"The Road"
It hasn't been easy for me to delve into Cormac McCarthy's extensive canon. I couldn't get past the odd writing style of "No Country for Old Men" a year ago and, despite the beautiful prose, I didn't find the plot of "All the Pretty Horses" all that compelling. With that said, it's kind of interesting that "The Road," which features a depressing post-apocalyptic plot, is the first Cormac McCarthy novel I've finished reading in its entirety.This is, at once, the most simple and most ambitious of the McCarthy novels I've read. He focuses exclusively on two characters, a boy and his father, and their journey along "the road" that runs through the former United States years after the apocalypse has occurred. What exactly happened is ambiguous; the novel hints at the possibilities only in several brief flashbacks. All that we know, and all that McCarthy really cares about, is the apocalypse's aftermath and how it affects these two characters.
We know that just about everything is dead - entire forests, all of the fish, and billions of people. All that remains are the ever-ubiquitous clouds of ash, trunks of dead trees, extreme cold, and essentially no food, which begets marauding bands of cannibals who collect stragglers for their own survival.
McCarthy's spare prose is brilliant and elegant; its halting quality perfectly encapsulates the incessantly dour atmosphere and texture of this story.
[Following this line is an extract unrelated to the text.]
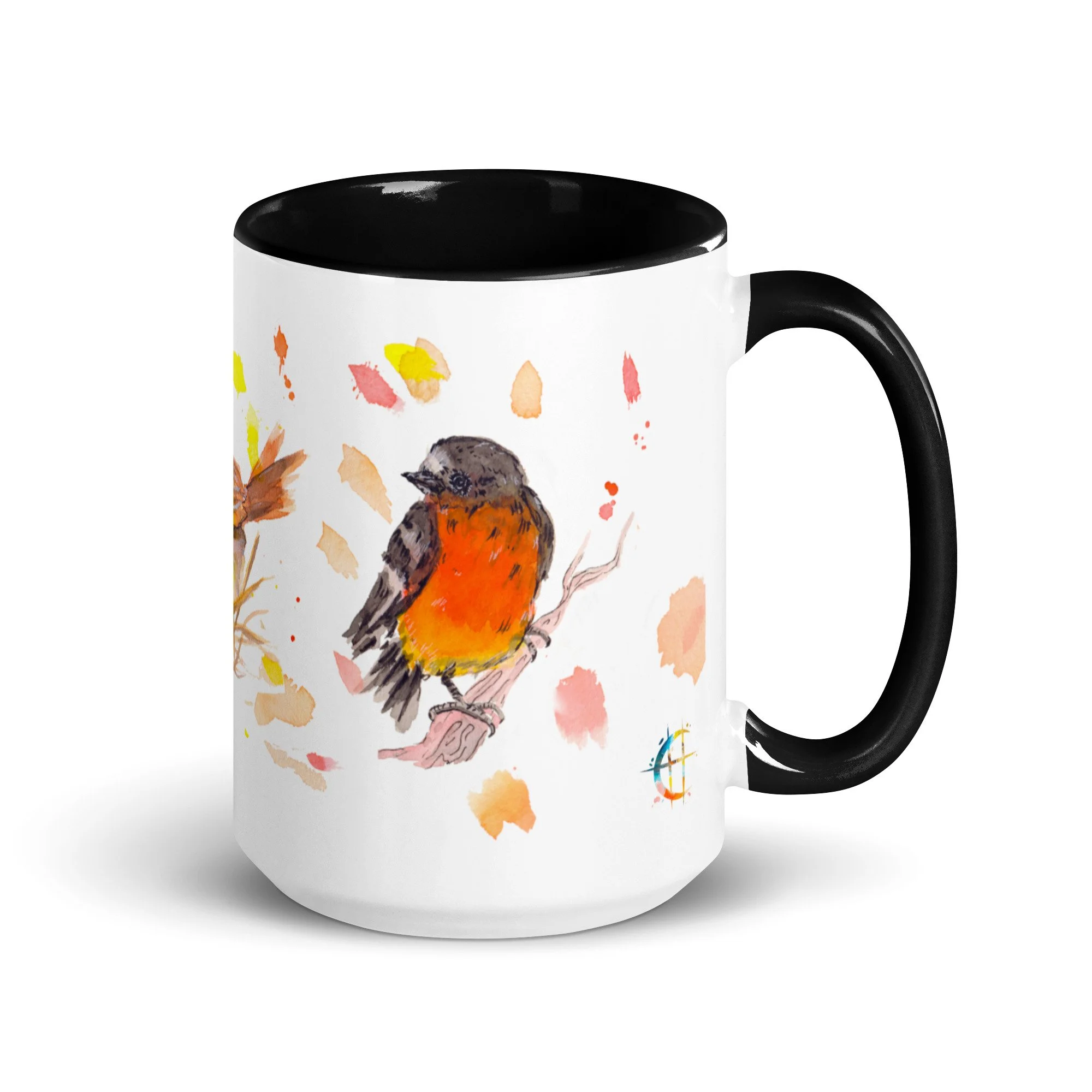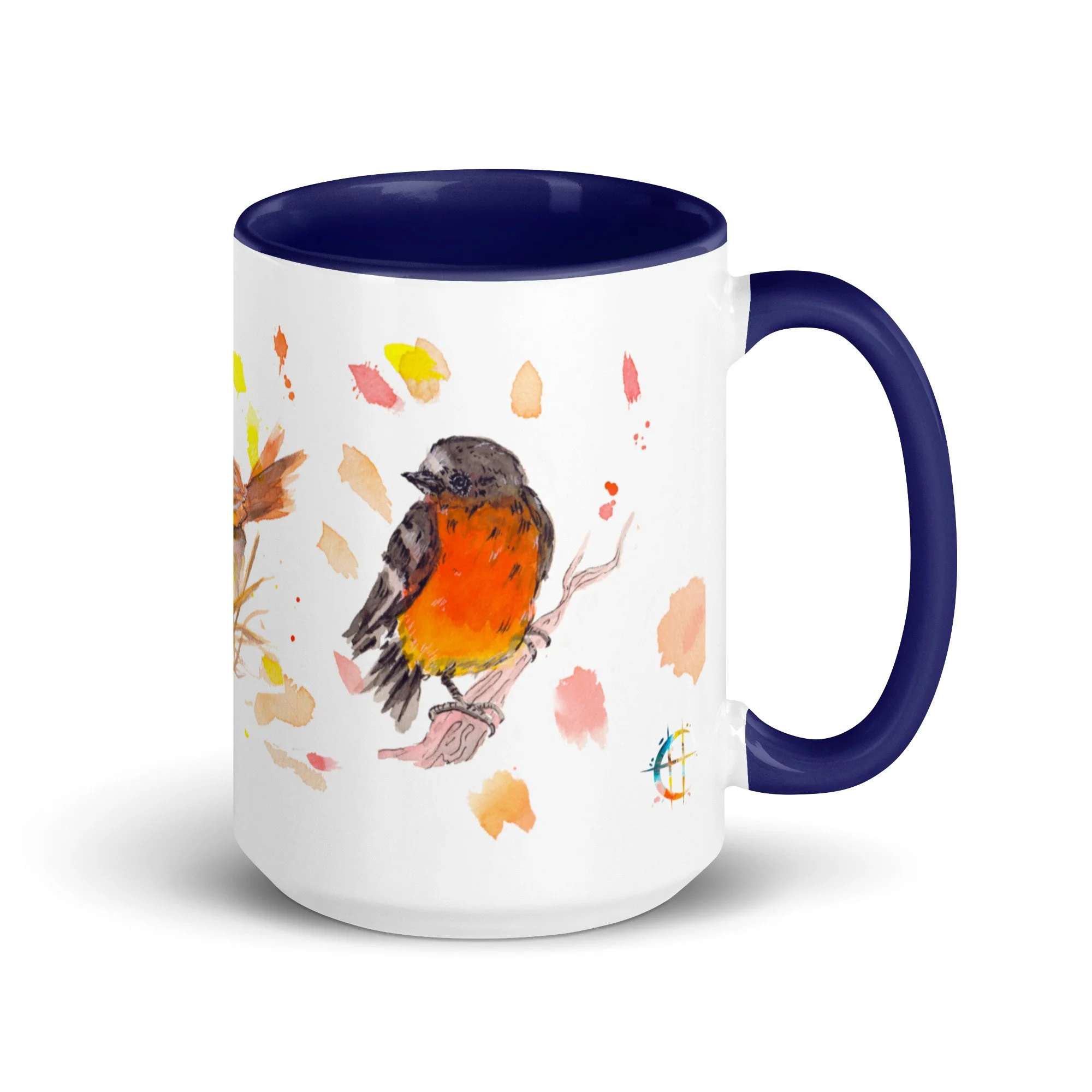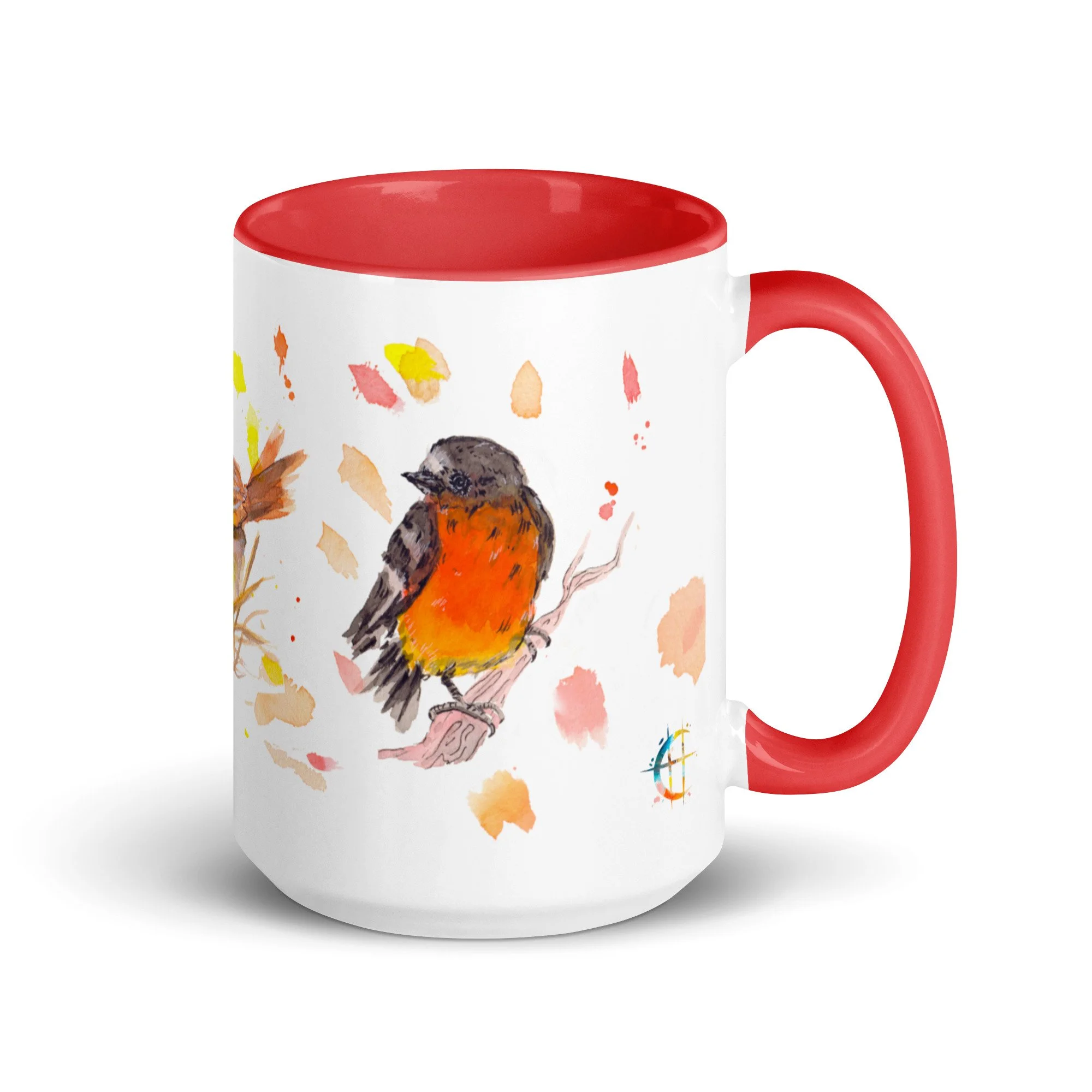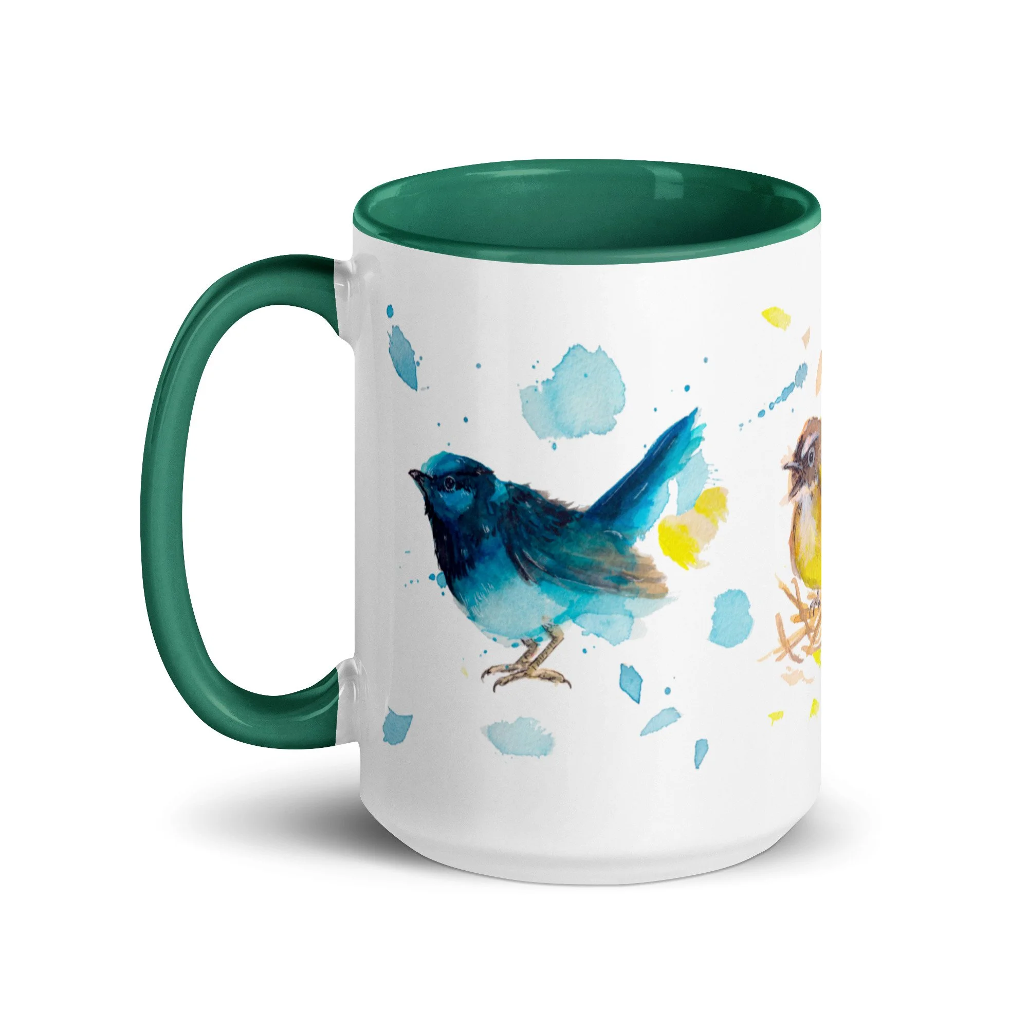 Primary Bird Trio on Mug with choice of colour Inside

Occasionally, the author pushes the philosophical aspects harder than need be: "Who is it? said the boy. I don't know. Who is anybody?" Aside from those moments, the writing is a joy to read. Here's a prototypical passage that is found near the end of the novel - I love the way it is at once spare and descriptive at the same time.
"The days sloughed past uncounted and uncalendared. Along the interstate in the distance long lines of charred and rusting cars. The raw rims of the wheels sitting in a stiff gray sludge of melted rubber, in blackened rings of wire. The incinerate corpses shrunk to the size of a child and propped on the bare springs of the seats. Ten thousand dreams ensepulchred within their crozzled hearts. They went on. Treading the dead world under like rats on a wheel. The nights dead still and deader black. So cold. They talked hardly at all. He coughed all the time and the boy watched him spitting blood. Slumping along. Filthy, ragged, hopeless. He'd stop and lean on the cart and the boy would go on and then stop and look back and he would raise his weeping eyes and see him standing there in the road looking back at him from some unimaginable future, glowing in that waste like a tabernacle." (230)
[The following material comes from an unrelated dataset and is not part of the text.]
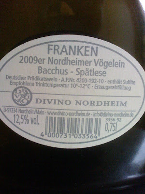 TN : Franconia Bacchus 2009 Nordheimer Voegelein Spaetlese, Divino Nordheim, Franken, Germany

At the heart of the novel is the relationship between the man and his son. The man, coughing up blood and carrying a pistol with only a couple rounds in it, swears to protect his son, who was born right after the apocalypse, at all costs. The boy, as described in the novel, is a metaphor for our innate, and perhaps foolish, hope that, despite our mistakes, we have the capacity to start over again. The father's pledge becomes especially apparent in a conflict with another man, the first they have seen in over a year, who holds the boy at knife-point; the man shoots him dead immediately. The boy is shocked by his father's occasional brutality - not giving part of their limited food supply to a passerby, for example - which complicates their relationship.
In one flashback, we learn that the man's wife committed suicide, mocking the man for wanting to live through such a nonexistent world. The question does arise on more than one occasion: Why do these two survivors continue on? For the most part, they spend their days traveling down a silent road flanked by the trunks of trees; starving for many days before discovering left-over provisions; and heading towards the south, away from the biting cold that resulted, presumably, from nuclear fallout. In the end, the book is incredibly depressing, and yet, oddly uplifting, as we realize that humans have the capacity both to destroy themselves and to be persistent in the face of incredible adversity. McCarthy even has us believe, for a while at least, that the love between the father and his son can successfully weather the hardships of a now-dead world.